On March 11, the NBA was forced to postpone its first game, between the Utah Jazz and Oklahoma City Thunder, as a result of the coronavirus pandemic—reshaping the NBA for months to come.
Although games continued that night, the next day all games came to a halt and the NBA ultimately decided to suspend the season for several months. After much deliberation, the league set up a bubble in Orlando, Florida, inviting the 22 teams in playoff contention. These teams quarantined themselves in their designated hotels for ten days upon arrival and continued to complete daily testing after being cleared for play.
Three months later, there have been no positive tests in the Orlando bubble and the NBA playoffs are in full swing.
With all the success this format has had combating the virus, the question is raised: Have the NBA and commissioner Adam Silver set the bar with a captivating and sustainable solution for sports during COVID-19 ?
Junior and GDS varsity basketball player Elias Rodriguez thinks the bubble has checked all the right boxes for excitement and was quick to praise Silver.

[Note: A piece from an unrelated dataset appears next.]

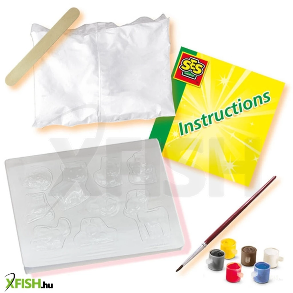 Tartalom: 2 tasak gipszpor, 4 db öntőforma, 5 db különböző színű festék, 1 db ecset, 1 db vizes tégely
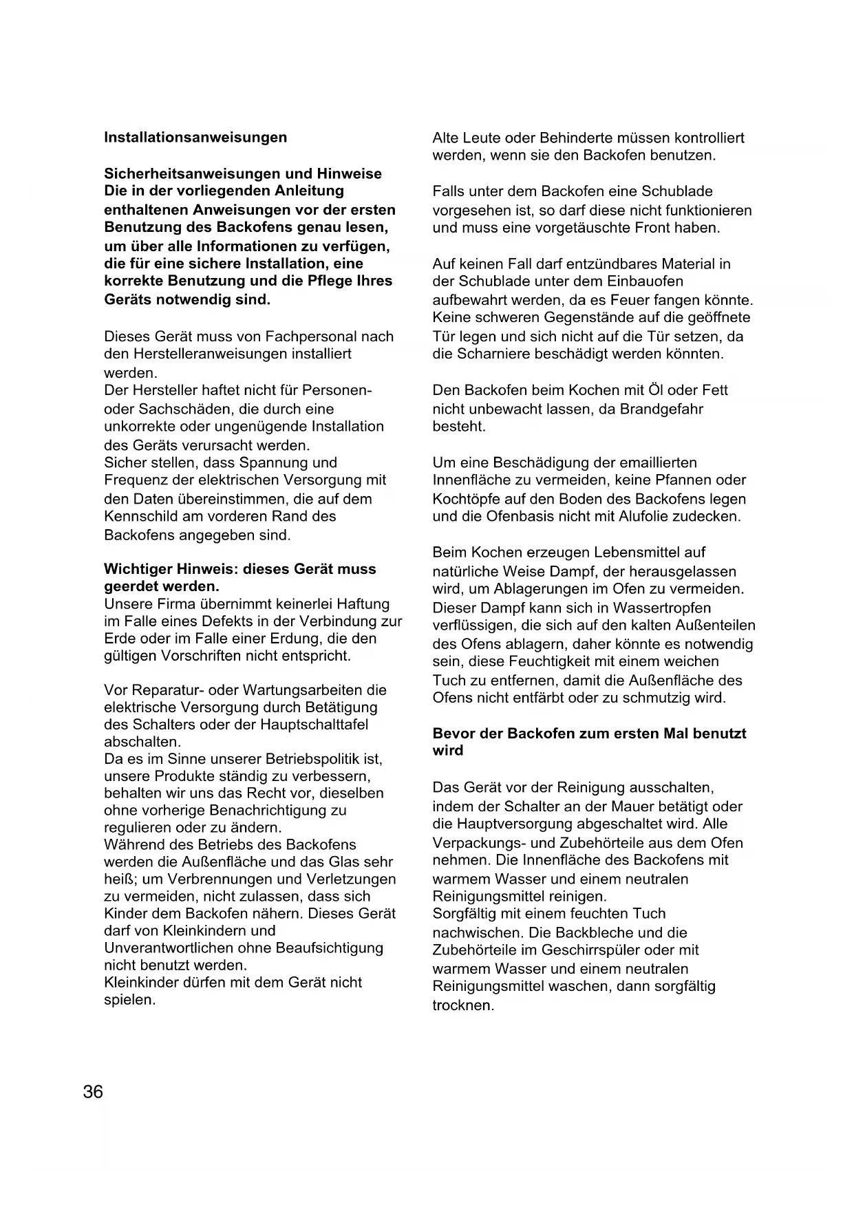 Cooking time (mins). Cooking Function Cake Bun 180 2 55-65 Fruit Cake 200 1 30-40 Buttermilk curd cake 180 2 35-40 Mould leaven cake 200 1 25-35 Choux pastry 190 2 20-30 Puff or flaky pastry 200 2 15-25 Biscuits 190 3 15-20 Lasagna 225 2 40-50 Meat Fillet beef 225 2-3 50-80 Roast beef 225 2-3 50-80 Roast veal 225 2-3 60-80 Roast pork 170-180 2 45-60 Roast lamp 225 2 45-55 Roast.beef 225 2-3 50-60 Roast hare 200 2 60-90 Roast turkey 180 2 240ca. Roast goose 200 2 150-210 Roast duck 200 2 120-180 Roast chicken 200 2 60-90 Thigh roe deer 200 2-3 90-150 Thigh stag 180 2-3 90-180 Fish 180 2-3 10-40 Vegetable Stew ing vegetable 170-190 2-3 40-50 Pizza 240 1 15-25 Grill cooking Chop 4 8-12 Pork sausage 4 10-13 Grill ckichen 3 25-35 Spit chicken 50-65 Spit roast veal 50-65 Not e : (*)= The start shelf position number is button oven the oven should be preheated before use. This functions should cook w ith delicated food and/or preheated dish. It's possible cook same dish in different shelf position (the cooking time is the same). 35Installationsanweisungen Sicherheitsanweisungen und Hinweise Die in der vorliegenden Anleitung enthaltenen Anweisungen vor der ersten Benutzung des Backofens genau lesen, um über alle Informationen zu verfügen, die für eine sichere Installation, eine korrekte Benutzung und die Pflege Ihres Geräts notwendig sind. Dieses Gerät muss von Fachpersonal nach den Herstelleranweisungen installiert werden. Der Hersteller haftet nicht für Personen- oder Sachschäden, die durch eine unkorrekte oder ungenügende Installation des Geräts verursacht werden. Sicher stellen, dass Spannung und Frequenz der elektrischen Versorgung mit den Daten übereinstimmen, die auf dem Kennschild am vorderen Rand des Backofens angegeben sind. Wichtiger Hinweis: dieses Gerät muss geerdet werden. Unsere Firma übernimmt keinerlei Haftung im Falle eines Defekts in der Verbindung zur Erde oder im Falle einer Erdung, die den gültigen Vorschriften nicht entspricht. Vor Reparatur- oder Wartungsarbeiten die elektrische Versorgung durch Betätigung des Schalters oder der Hauptschalttafel abschalten. Da es im Sinne unserer Betriebspolitik ist, unsere Produkte ständig zu verbessern, behalten wir uns das Recht vor, dieselben ohne vorherige Benachrichtigung zu regulieren oder zu ändern. Während des Betriebs des Backofens werden die Außenfläche und das Glas sehr heiß; um Verbrennungen und Verletzungen zu vermeiden, nicht zulassen, dass sich Kinder dem Backofen nähern. Dieses Gerät darf von Kleinkindern und Unverantwortlichen ohne Beaufsichtigung nicht benutzt werden. Kleinkinder dürfen mit dem Gerät nicht spielen. Alte Leute oder Behinderte müssen kontrolliert werden, wenn sie den Backofen benutzen. Falls unter dem Backofen eine Schublade vorgesehen ist, so darf diese nicht funktionieren und muss eine vorgetäuschte Front haben. Auf keinen Fall darf entzündbares Material in der Schublade unter dem Einbauofen aufbewahrt werden, da es Feuer fangen könnte. Keine schweren Gegenstände auf die geöffnete Tür legen und sich nicht auf die Tür setzen, da die Scharniere beschädigt werden könnten. Den Backofen beim Kochen mit Öl oder Fett nicht unbewacht lassen, da Brandgefahr besteht. Um eine Beschädigung der emaillierten Innenfläche zu vermeiden, keine Pfannen oder Kochtöpfe auf den Boden des Backofens legen und die Ofenbasis nicht mit Alufolie zudecken. Beim Kochen erzeugen Lebensmittel auf natürliche Weise Dampf, der herausgelassen wird, um Ablagerungen im Ofen zu vermeiden. Dieser Dampf kann sich in Wassertropfen verflüssigen, die sich auf den kalten Außenteilen des Ofens ablagern, daher könnte es notwendig sein, diese Feuchtigkeit mit einem weichen Tuch zu entfernen, damit die Außenfläche des Ofens nicht entfärbt oder zu schmutzig wird. Bevor der Backofen zum ersten Mal benutzt wird Das Gerät vor der Reinigung ausschalten, indem der Schalter an der Mauer betätigt oder die Hauptversorgung abgeschaltet wird. Alle Verpackungs- und Zubehörteile aus dem Ofen nehmen. Die Innenfläche des Backofens mit warmem Wasser und einem neutralen Reinigungsmittel reinigen. Sorgfältig mit einem feuchten Tuch nachwischen. Die Backbleche und die Zubehörteile im Geschirrspüler oder mit warmem Wasser und einem neutralen Reinigungsmittel waschen, dann sorgfältig trocknen. 36Technische Daten Dieses Gerät ist mit den EWG-Richtlinien 72/23, 93/68 EMC und 89/336 konform. Vorschriftsmäßige Spannung § 230 V Phase + Nullleiter. Abmessungen des Einbaubackofens : Länge : 440 Tiefe : 390 Höhe : 340 Volumen : 59 Liter Leistung der Heizelemente : Unteres Heizelement : 1,3 kW Oberes Heizelement : 0,9 kW Grillelement : 1,6 kW Lüfterradelement (innen, vorne) : 2,3 kW Max. Leistungsaufnahme des Backofens : 3,1 kW Einbau des Backofens im Möbel WICHTIG : das Gerät muss korrekt nach den Anweisungen der Herstellerfirma und von Fachpersonal installiert werden. Vor Reparatur- oder Wartungsarbeiten muss das Gerät von der elektrischen Versorgung abgetrennt werden. ELEKTRISCHER ANSCHLUSS : Vor dem Anschluss des Geräts an der elektrischen Versorgung ist sicher zu stellen, dass :

“It raised my respect for Adam Silver [and] what he’s been able to do with completely eliminating the virus within there,” he said, “The gameplay has been really great. Guys are really going at each other.”
SiriusXM sports radio producer Adam Mendelson agrees with Rodriguez that the NBA bubble is competitive and exciting while it keeps everyone safe from the virus.
“If you’re worried about health and safety, they’ve done a great job there. If you’re worried about the quality of play, I think they’ve done a great job there as well. I think it’s gone as well as anyone could have hoped,” Mendelson said.
Rodriguez also cited the unique bubble format as a contributor to the uptake in competition in the bubble. He includes the rise of Nuggets guard Jamal Murray, Pacers forward TJ Warren and Jazz guard Donovan Mitchell as examples of players raising their games in the bubble.
“A lot of guys who were on the brink, in the bubble just let it out. Jamal Murray was good, but then he comes into the bubble and he’s an animal. Everyone knew Donovan Mitchell was good, but did they know he could perform like that and really carry his team in the playoffs? Maybe not. In the bubble he [Warren] said he enjoyed playing without a crowd and without home court advantage and just gave him a different mind set. And he went out there and he killed. You could say there is an uptick in competition but I think it’s just a natural flow as well.”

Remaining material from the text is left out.